“Mrs Wiggan is short of jam, is she?”
“It’s from my aunt,” Ben faltered. “It’s a present for her stepdaughter, Jenny.”
“Ah, one of the Callow girls.”
“I work for Joseph Callow; he’s married to my aunt.”
“You’re not from these parts.”
It was a statement rather than a question, and Ben felt his muscles tighten with resentment. He felt branded by his past. Ridiculously he imagined this man could see it all – the squalid house where he’d grown up; his terror and shame in watching his mother suffer and never being able to protect her from his father’s rough hand. Now he was a grown man, but would he ever be able to make enough money to look after his mother and move her from the place that held such painful memories?
He opened his mouth to retort, but Mr Mott had caught sight of one of his journeymen who was gathering late-keeping fruit.

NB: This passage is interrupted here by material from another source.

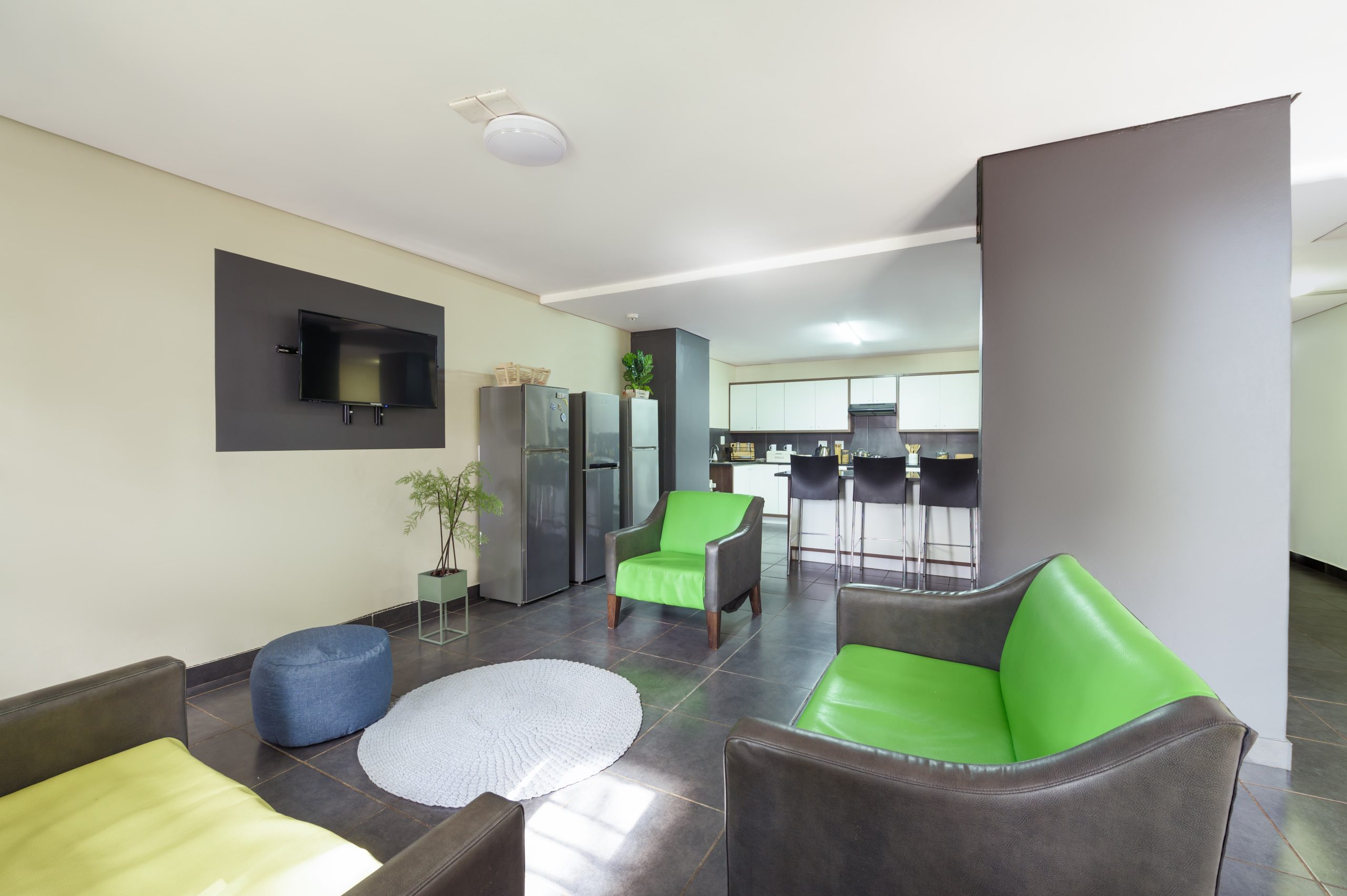 Chill, work and get social in our 4 bed Socializer rooms. These rooms are modern, fully furnished, private, and non-sharing. Share a kitchen, bathroom and a comfortable lounge between you and your roommates.

“Jamie! Mind you treat those pears with care!” he called out. “Better get a move on, the light’s going.”
“Yes, sir.” The lad hauled his basket away to the thatched fruit house.
Mr Mott handed the bottle of jam back to Ben and gestured toward the row of trees.
“Best crop of pears this year. Pity his Lordship is away; bottled ones won’t be the same.”
“Those are pears?” They bore no relation to the small, misshapen fruit that grew on the tree near the cottage.
Mr Mott paused for a long moment.
“Come and have a look.”
Ben followed him. They reached the row of fan-trained trees and Ben scrutinised a heavily laden branch, nearly pulling away from the wall with the weight of the fruit.
“What a colour!”
“Unusual flavour, as well,” Mr Mott said. “I expect you’d better get on. But come back any time. I’ll show you the glasshouse, if you like.”
Ben smiled, disbelieving, into the man’s weather-worn face.
“Tell Mrs Wiggan that the strawberries she wanted will be ready tomorrow.”
“What’s your name?”
“Ben Hanshaw, sir.”
“My name’s Mott. See you again.”
Ben broke into a trot as he left. He couldn’t wait to ask Jenny if she’d seen the garden and the magnificent glasshouse, yet he also wanted to keep the whole magical experience secret, for him alone to think about.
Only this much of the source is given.